Confession #23 - Sing What You Play!

One of my goals when I started getting serious about the guitar was to learn to sing and play.  I've learned to do that, but my singing needs a lot of work.  Of course, time is tight and I never really get any dedicated singing practice time, so progress has been glacial.

Recently I've started teaching one of my children to play guitar.  When I was practicing just for my own benefit, there was never any need to say aloud the names of the notes I was playing.  However when teaching somebody else to play, its only natural to say the names of the notes that you want them to play.  And if you're going to say them, its only natural to sing them too.  If you just call them out in a monotone voice, it sounds awful against the melody coming from the guitar.

Its only been a few short weeks, but I'm already seeing a little bit of improvement.  I'm getting better at hitting my pitches, and I think my range is expanding ever so slightly.

Take a few minutes in your practice session to sing the names of the notes you are playing.  While you are playing your warm-up exercises would be a good time for this.

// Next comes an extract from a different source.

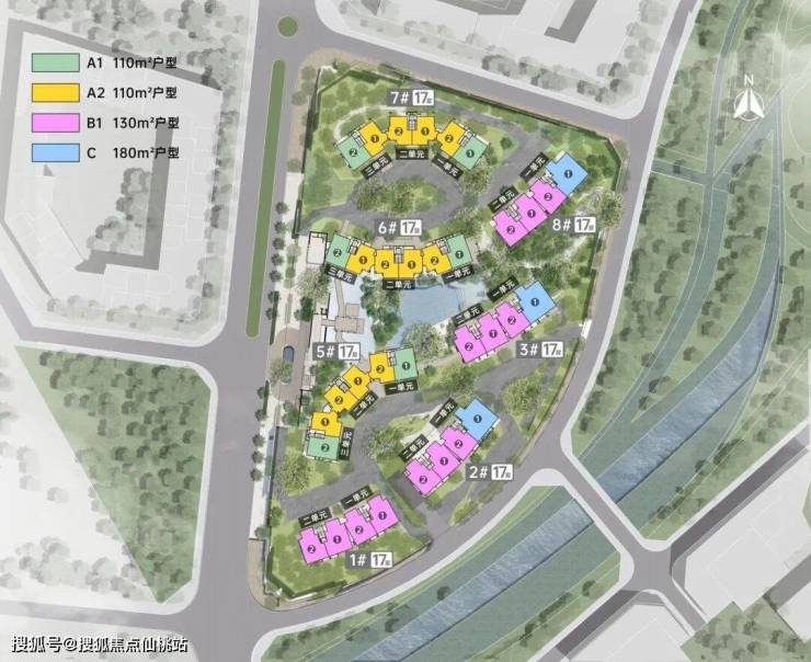 亮点:围合式布局,打造南北通透,户户观景,以中轴水系延伸景观设置泛会所入户大堂。游园式归家,双动线,保证南北两个组团独立,整体增强私密性,减少居住干扰。

There are three benefits that you will realize from singing what you play:
  • naming the notes will improve your knowledge of the fretboard,
  • singing the notes will help develop your ear, and
  • singing the notes will help develop your singing voice.
You could use any of the one octave major scale patterns from Confession #8 - Learn the Major Scale!  or Confession #21 - Back to the Major Scale!.  These patterns have roots on the third, fifth and sixth strings, and can be shifted up and down the neck to play the major scale in a variety of different keys.

TIP:  Use your electronic tuner to verify what pitch you are singing.  If you're off by a semi-tone, it will sound awful and you'll know you're not hitting your pitch.  But you could be singing a third or a fifth above the target pitch, so it will sound nice and you'll think everything's cool.  The tuner will let you know if you are actually hitting your pitch, or just adding some harmony to it.

Next Week's Confession - Voice Leading!


  1. A useful tip! Someone (who used to be a professional singer), recently told me something similar. I started playing purely from a guitar point of view originally. Now I tend to play & sing (?!) solo acoustic/semi-acoustic at folk clubs and open mic nights and it's comletely changed my approach to singing. The same person also pointed out that I actually sing to the guitar rather than concentrate on the melody of the song. My awareness of this now I think has also helped me and will hopefully improve my vocal technique. Great post.